■ **Exercise goal**
Reproduce, exactly and only, the lines of the data that follows from the one containing "stage 1 and" down to the one containing "口径 約6.3cm/高さ 約5cm/高台径", without pictures.

Segment Start: Supplied records

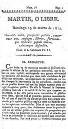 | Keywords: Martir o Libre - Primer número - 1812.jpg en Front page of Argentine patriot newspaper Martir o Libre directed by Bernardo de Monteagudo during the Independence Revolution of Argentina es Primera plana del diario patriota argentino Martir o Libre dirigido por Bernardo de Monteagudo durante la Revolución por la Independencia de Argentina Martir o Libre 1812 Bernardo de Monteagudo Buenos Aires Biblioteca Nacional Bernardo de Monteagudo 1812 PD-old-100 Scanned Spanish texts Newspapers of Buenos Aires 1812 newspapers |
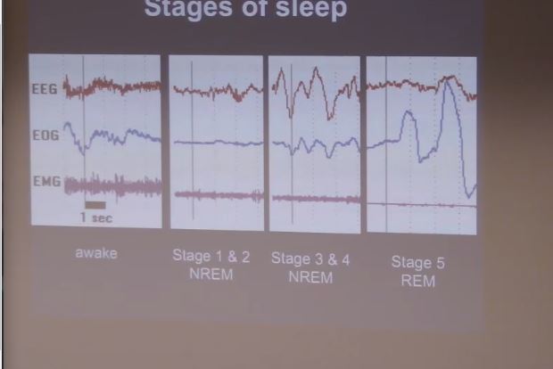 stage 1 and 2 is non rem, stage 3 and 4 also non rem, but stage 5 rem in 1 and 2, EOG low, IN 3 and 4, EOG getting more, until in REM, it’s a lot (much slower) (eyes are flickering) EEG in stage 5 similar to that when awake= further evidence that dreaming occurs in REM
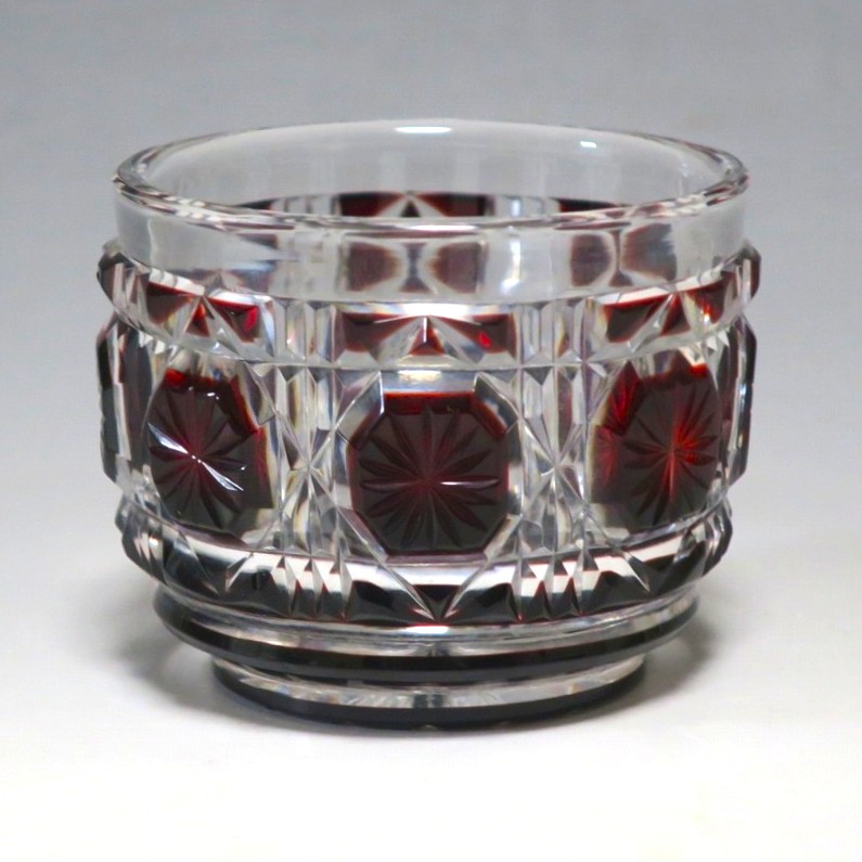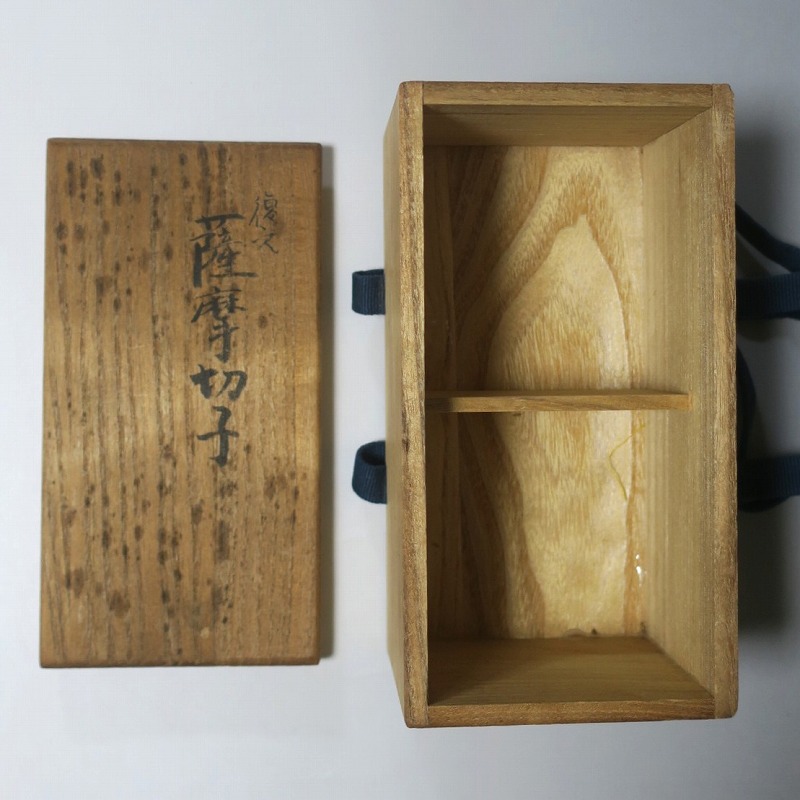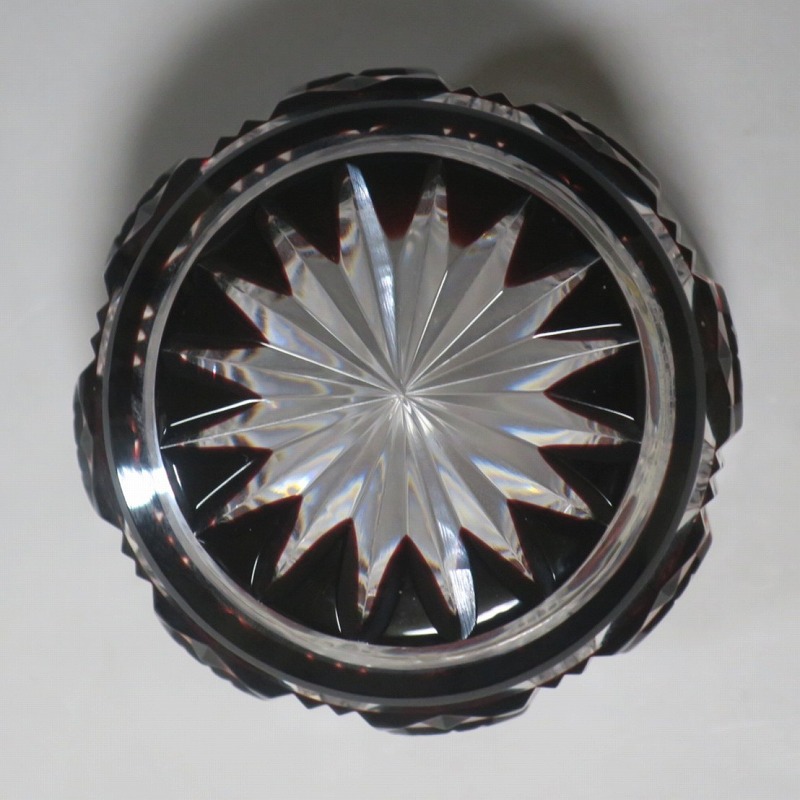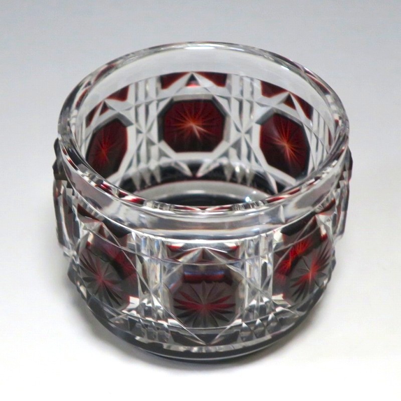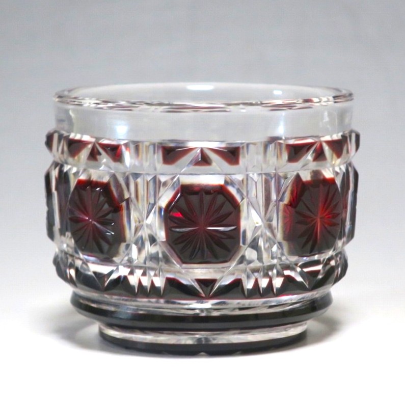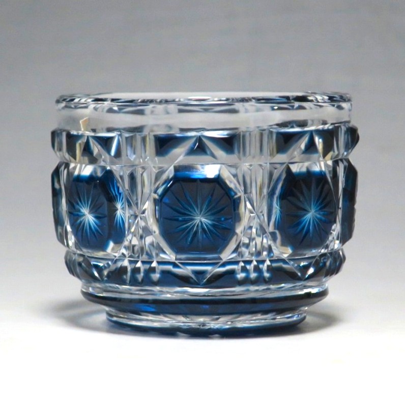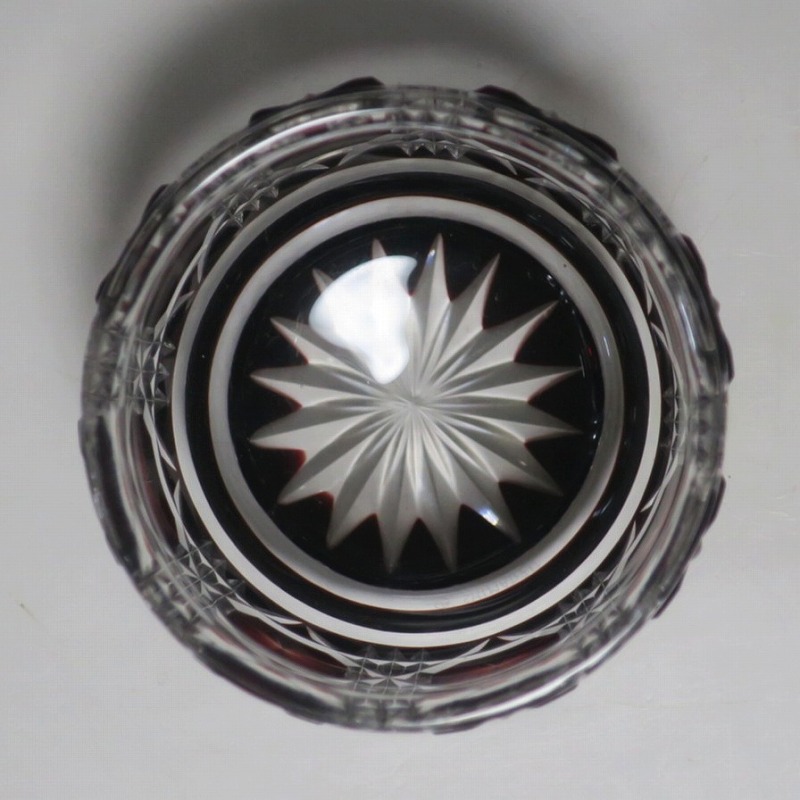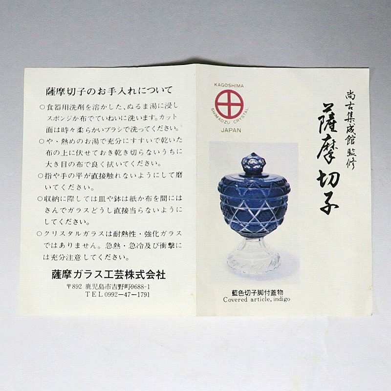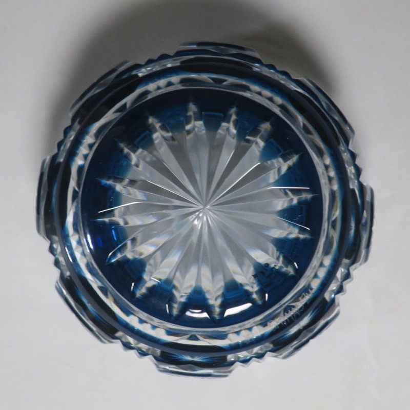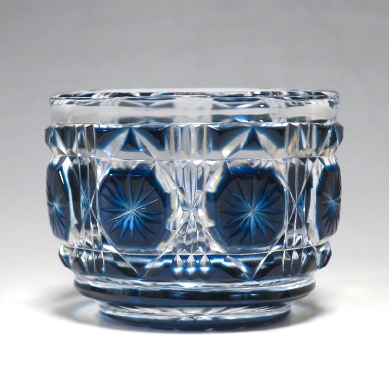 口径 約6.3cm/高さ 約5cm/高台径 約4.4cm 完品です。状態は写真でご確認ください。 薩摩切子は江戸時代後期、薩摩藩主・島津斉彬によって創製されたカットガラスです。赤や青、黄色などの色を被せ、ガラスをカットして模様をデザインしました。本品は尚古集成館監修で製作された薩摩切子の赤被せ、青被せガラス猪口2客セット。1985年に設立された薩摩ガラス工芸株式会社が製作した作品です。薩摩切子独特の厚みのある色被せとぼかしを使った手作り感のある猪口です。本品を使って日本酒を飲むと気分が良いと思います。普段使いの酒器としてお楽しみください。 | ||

Segment End: Supplied records
Segment Start: Supplied records

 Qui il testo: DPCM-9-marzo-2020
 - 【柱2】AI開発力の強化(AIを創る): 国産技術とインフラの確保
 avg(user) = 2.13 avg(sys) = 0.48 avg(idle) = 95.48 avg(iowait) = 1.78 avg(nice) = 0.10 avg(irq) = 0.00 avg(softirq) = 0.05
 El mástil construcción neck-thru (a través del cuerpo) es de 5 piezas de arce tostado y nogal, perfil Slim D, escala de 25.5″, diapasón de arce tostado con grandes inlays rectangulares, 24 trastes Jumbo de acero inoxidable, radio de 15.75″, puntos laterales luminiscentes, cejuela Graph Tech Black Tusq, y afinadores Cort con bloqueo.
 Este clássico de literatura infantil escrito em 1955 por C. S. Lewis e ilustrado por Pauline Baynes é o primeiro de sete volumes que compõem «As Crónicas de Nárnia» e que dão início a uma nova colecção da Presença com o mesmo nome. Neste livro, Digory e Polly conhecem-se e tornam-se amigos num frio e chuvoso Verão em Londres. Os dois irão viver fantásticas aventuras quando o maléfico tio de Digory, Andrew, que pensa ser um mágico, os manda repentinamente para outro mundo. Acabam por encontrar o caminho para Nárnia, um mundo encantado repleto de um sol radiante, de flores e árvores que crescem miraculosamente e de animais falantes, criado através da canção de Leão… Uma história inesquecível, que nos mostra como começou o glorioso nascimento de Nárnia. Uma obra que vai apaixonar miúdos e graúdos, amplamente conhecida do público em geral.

Segment End: Supplied records

■ **Finished task**
 stage 1 and 2 is non rem, stage 3 and 4 also non rem, but stage 5 rem in 1 and 2, EOG low, IN 3 and 4, EOG getting more, until in REM, it’s a lot (much slower) (eyes are flickering) EEG in stage 5 similar to that when awake= further evidence that dreaming occurs in REM
 口径 約6.3cm/高さ 約5cm/高台径 約4.4cm 完品です。状態は写真でご確認ください。 薩摩切子は江戸時代後期、薩摩藩主・島津斉彬によって創製されたカットガラスです。赤や青、黄色などの色を被せ、ガラスをカットして模様をデザインしました。本品は尚古集成館監修で製作された薩摩切子の赤被せ、青被せガラス猪口2客セット。1985年に設立された薩摩ガラス工芸株式会社が製作した作品です。薩摩切子独特の厚みのある色被せとぼかしを使った手作り感のある猪口です。本品を使って日本酒を飲むと気分が良いと思います。普段使いの酒器としてお楽しみください。 | ||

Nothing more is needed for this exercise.